Мракобесие могло длиться вечно. И, как правило, длилось, но масленица подходила к концу, и адская рука пламени, возникшая прямо из преисподней, охватила чучело. Под свист и улюлюкание вольных крестьян, пламя перекинулось на них и закружилось в дьявольской песне вокруг меня. Горящие хороводы стремительно вращались и проносились по этажу, сжигая всё на своём пути: казаков, лошадей, блины, разбросанные по полу и налепленные на стены.
К счастью, этаж был выполнен в противопожарно-огнетушительном стиле, так что кошмар всё-таки прекратился. Последний хоровод остановился и пал, тлеющий и вовеки праздный. Вкусив блин — тело масленичное, и отхлебнув масла — крови масленичной, я намеренно похоронил остававшийся здравый смысл и отправился налегке.
Аромат садовых границ предостерегал меня об опасности следующего этажа.

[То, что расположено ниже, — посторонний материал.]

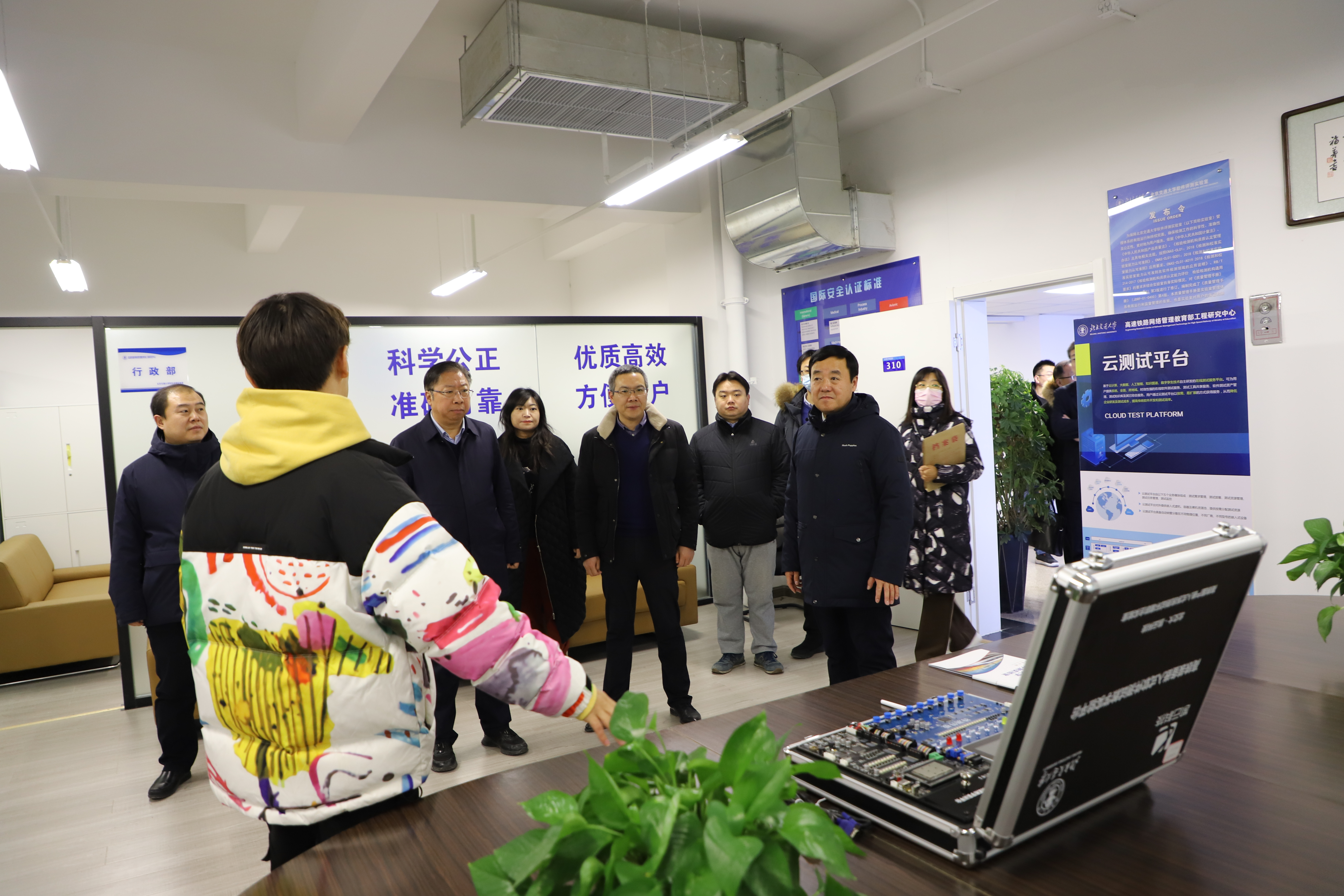 研讨会后,与会领导实地参观了思源楼B座高铁网管教育部工程研究中心和软件评测实验室。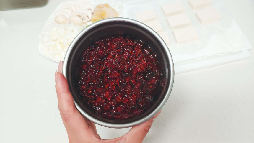 그냥 물에 섞고 넣으면 이런 모습이 나오겠지요? 저는 일일이 다 스푼으로 양념장을 다 풀어야 하는 수고스러움이 있었습니다. 그러니까 꼭 미리 물에 풀어서 휘리릭 부어주세요~ 그리고 이제 약불로 줄여주세요. 여기서 푹 익히신 다음에 드셔도 됩니다.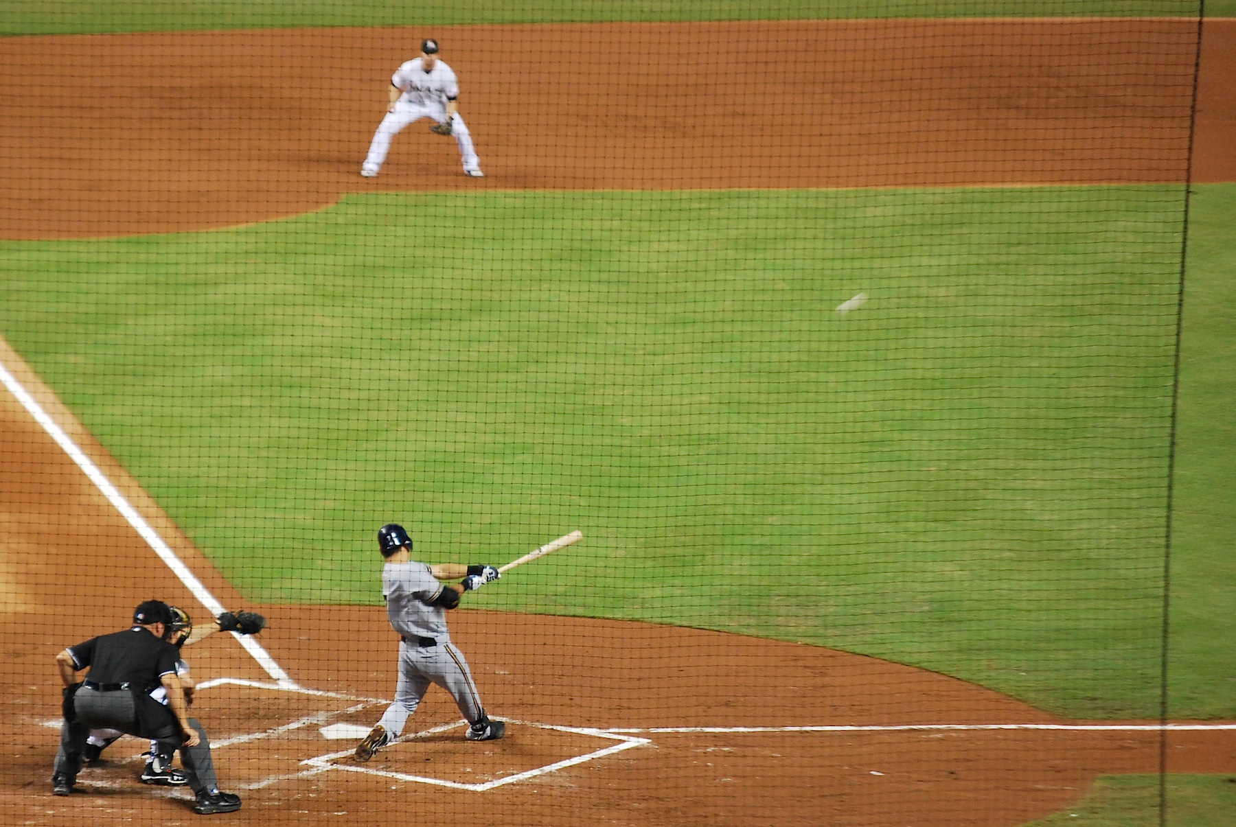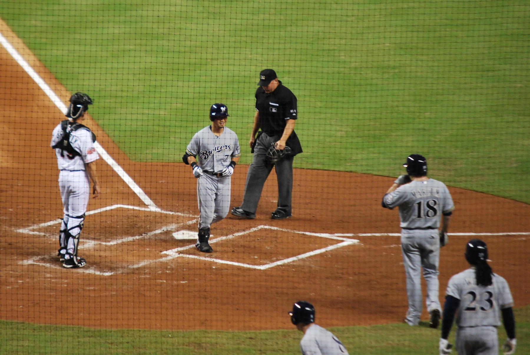 In the 5th I got to see it in action again when Gorkys Hernandez hit his first major league home, a 2-run shot that gave the Marlins a 4-3 lead. The Brewers tied the game at four when Aoki drove in Nyjer Morgan with a 7th inning double. After Rickie Weeks reached first on an infield single Braun came to the plate with runners on first and third, trying to give the Brewers the lead. He swung at the first pitch and sent a dribbler towards third: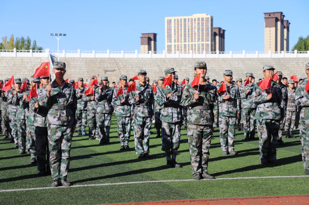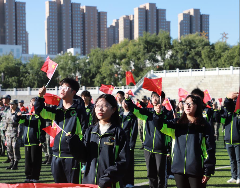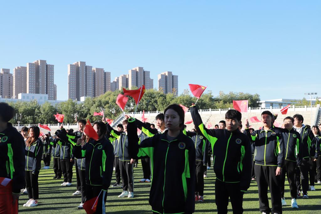 为讴歌伟大祖国73年的光辉历程,激发广大师生爱党、爱国、爱社会主义的热情,10月1日8时,校团委在体育场举办“同心筑梦迎国庆 青春献礼二十大”主题升旗仪式,教官团指导老师孙晓芳、校团委指导教师张云惠及教官团、全体校组织学生骨干,共400余人参加。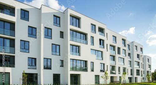 Contemporary White Residential Building with Numerous Windows and Balconies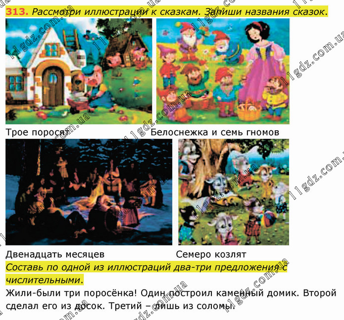Рассмотри иллюстрации к сказкам. Запиши названия сказок. Трое поросят Белоснежка и семь гномов Двенадцать месяцев Семеро козлят Составь по одной из иллюстраций два-три предложения с числительными. Жили-были три поросёнка! Один построил каменный домик. Второй сделал его из досок. Третий – лишь из соломы.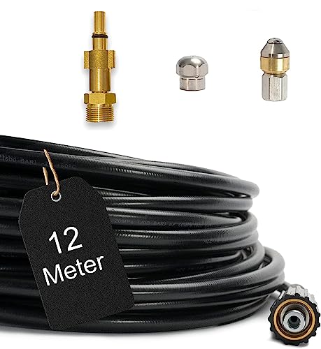 Tubo ad alta pressione da 3 a 100 metri - per idropulitrice - adatto per Black & Decker - per scarico di blocchi e pulizia di scarichi tubo di pulizia (12 metri)

Но ни один, даже самый ягодный аргумент, ни банановый раж не могли прервать уверенное восхождение по следующей лестнице.
Этот этаж исполнен фруктовым насилием. В первую же минуту я поймал маслину. Яблоко давило меня, ломая ребра. Виноград уже почуял кровь. Но элегантным прискоком, я пнул яблоко в пресс и поймал вкус яблочного сока своей обувью. Деградирующим ударом головы об стену я обрушил мраморные осколки на мягкую клубничную плоть. Вдруг где-то далеко послышался загадочный голос: “Борясь с плодами воображения ты только усиливаешь безумие”.
“Но они же настоящие”, — думал я, и, тяжело дыша, с неаргументированной жестокостью выдавил косточку из абрикоса. Удар черешни по моему подножию чуть не выбил меня из равновесия, но мой рефлекторный пинок в мякоть проник в самую сласть.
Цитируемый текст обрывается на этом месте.